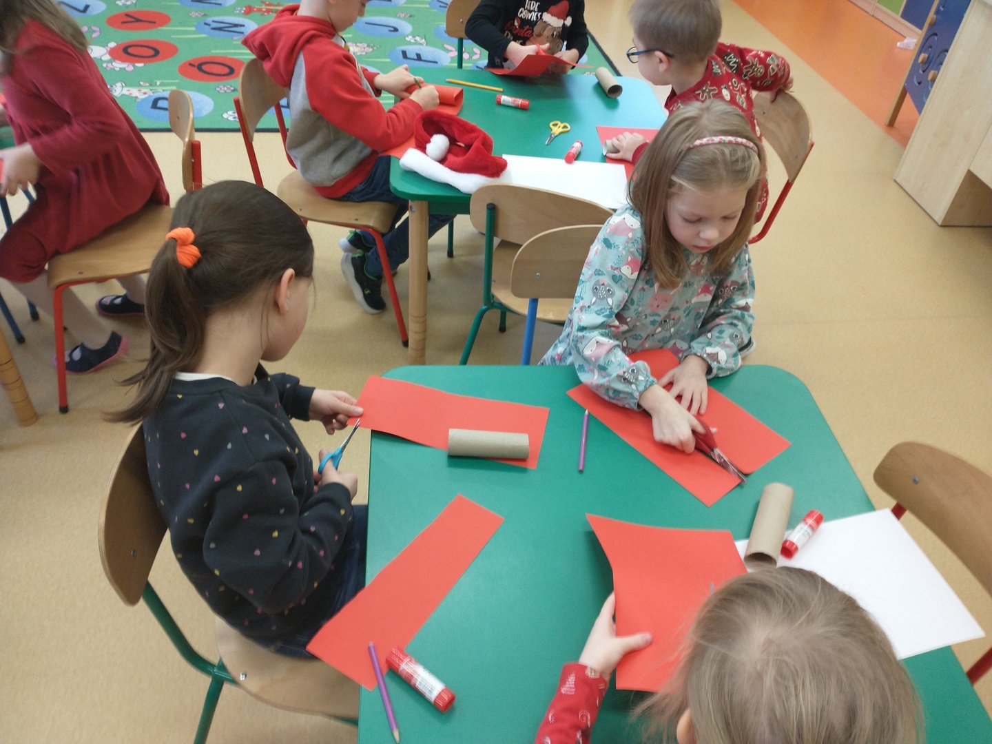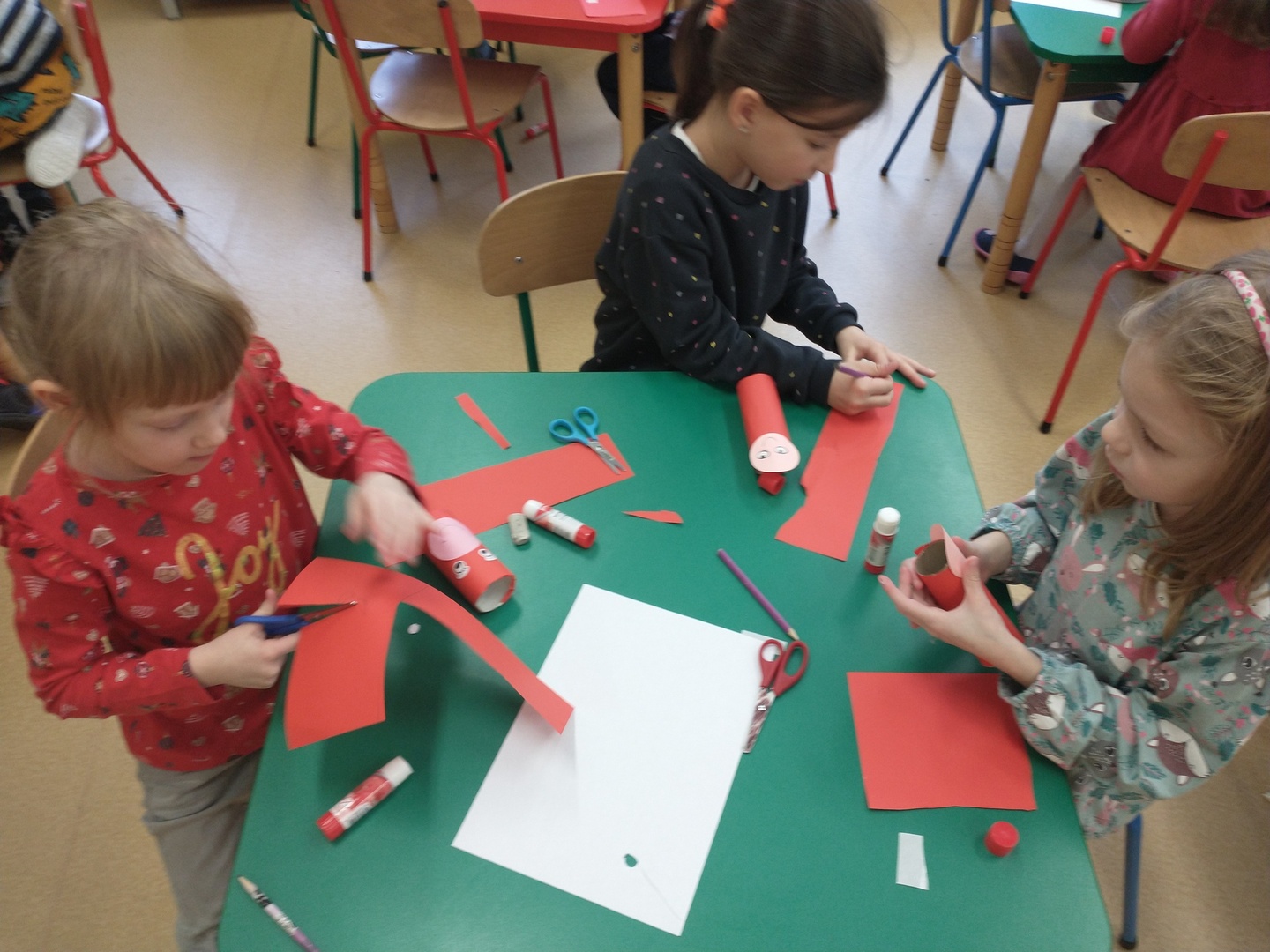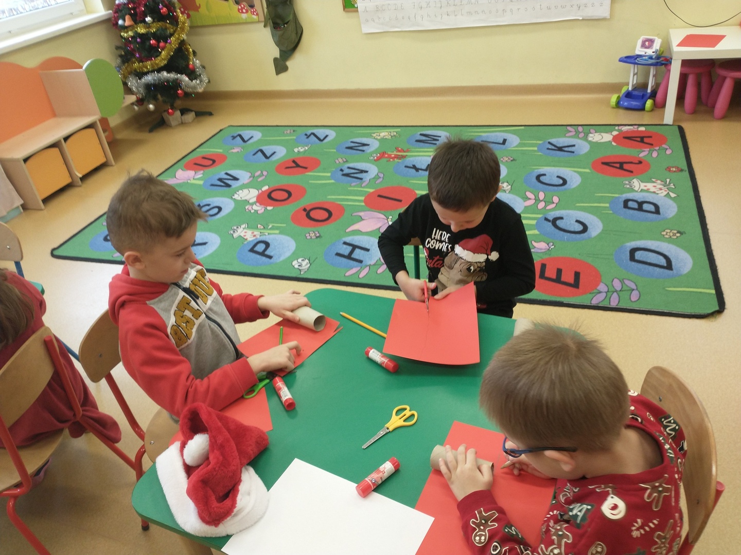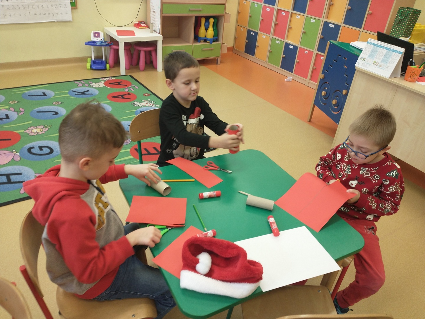 Następnie dzieci narysowały swoje świąteczne marzenia, a powstałe prace zostały zaprezentowane na wystawie. W końcu grupę ,,Pszczółki” odwiedził długo wyczekiwany gość. Po upewnieniu się , że dzieci były grzeczne, Mikołaj rozdał im prezenty. Po jego wizycie dzieci wykonały śliczne Mikołaje z papieru.
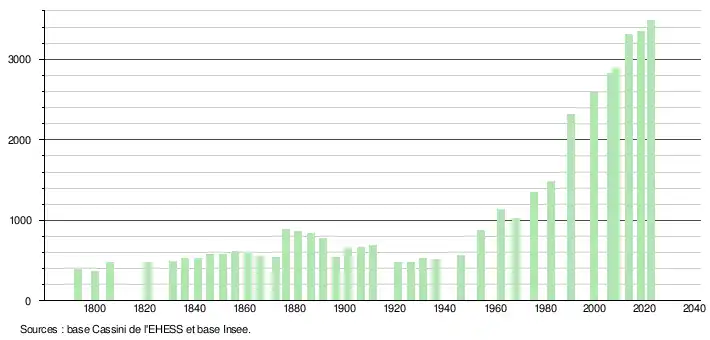 L'évolution du nombre d'habitants est connue à travers les recensements de la population effectués dans la commune depuis 1793. Pour les communes de moins de 10 000 habitants, une enquête de recensement portant sur toute la population est réalisée tous les cinq ans, les populations de référence des années intermédiaires étant quant à elles estimées par interpolation ou extrapolation[22]. Pour la commune, le premier recensement exhaustif entrant dans le cadre du nouveau dispositif a été réalisé en 2008[23].
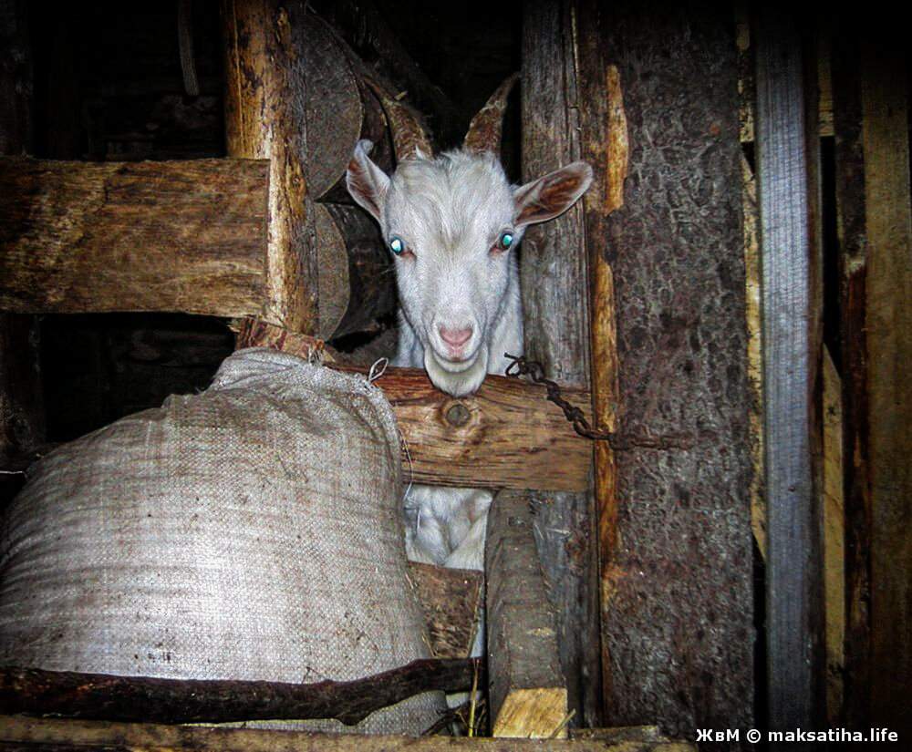 Трое суток Рамазон сидел взаперти. Нет, он ни в чём не провинился, кроме того, что он есть тот, кто есть. А именно — неожиданно пришла в «охоту» коза Козявка, вот и пришлось «жениха» изолировать. Рано им ещё «свадьбы» играть. Рамазону четыре месяца, но за тот день он где-то обзавёлся настоящим взрослым козлиным одеколоном, что теперь пройти мимо и не зажать нос — сойдёт за небольшой подвиг. Все трое суток Рамазон детским голоском сироты жалобно верещал в своей темнице, просил выпустить его: «Я по мамке скучаю! Что же вы творите, ироды?!» И то правда — Рамазон до сих пор сосёт мамкино молоко. Поэтому, конечно, когда Козявка угомонилась и я его выпустил, то ожидал, что Рамазон первым же делом бросится к мамке, ждущей его с тугим выменем. Но нет — на мамку он и внимания не обратил. Вместо этого мигом принялся исследовать Марточку — вдруг она теперь «гуляет»? При этом полностью соблюдал традиционный репертуар — солидно фыркал и задирал губу. Как говорят наши бабы — «устроился гинекологом»

**YOUR TASK:** The listing is to be repeated word for word, with all pictures omitted.

**EXERCISE SOLUTION:**
 Następnie dzieci narysowały swoje świąteczne marzenia, a powstałe prace zostały zaprezentowane na wystawie. W końcu grupę ,,Pszczółki” odwiedził długo wyczekiwany gość. Po upewnieniu się , że dzieci były grzeczne, Mikołaj rozdał im prezenty. Po jego wizycie dzieci wykonały śliczne Mikołaje z papieru.
 L'évolution du nombre d'habitants est connue à travers les recensements de la population effectués dans la commune depuis 1793. Pour les communes de moins de 10 000 habitants, une enquête de recensement portant sur toute la population est réalisée tous les cinq ans, les populations de référence des années intermédiaires étant quant à elles estimées par interpolation ou extrapolation[22]. Pour la commune, le premier recensement exhaustif entrant dans le cadre du nouveau dispositif a été réalisé en 2008[23].
 Трое суток Рамазон сидел взаперти. Нет, он ни в чём не провинился, кроме того, что он есть тот, кто есть. А именно — неожиданно пришла в «охоту» коза Козявка, вот и пришлось «жениха» изолировать. Рано им ещё «свадьбы» играть. Рамазону четыре месяца, но за тот день он где-то обзавёлся настоящим взрослым козлиным одеколоном, что теперь пройти мимо и не зажать нос — сойдёт за небольшой подвиг. Все трое суток Рамазон детским голоском сироты жалобно верещал в своей темнице, просил выпустить его: «Я по мамке скучаю! Что же вы творите, ироды?!» И то правда — Рамазон до сих пор сосёт мамкино молоко. Поэтому, конечно, когда Козявка угомонилась и я его выпустил, то ожидал, что Рамазон первым же делом бросится к мамке, ждущей его с тугим выменем. Но нет — на мамку он и внимания не обратил. Вместо этого мигом принялся исследовать Марточку — вдруг она теперь «гуляет»? При этом полностью соблюдал традиционный репертуар — солидно фыркал и задирал губу. Как говорят наши бабы — «устроился гинекологом»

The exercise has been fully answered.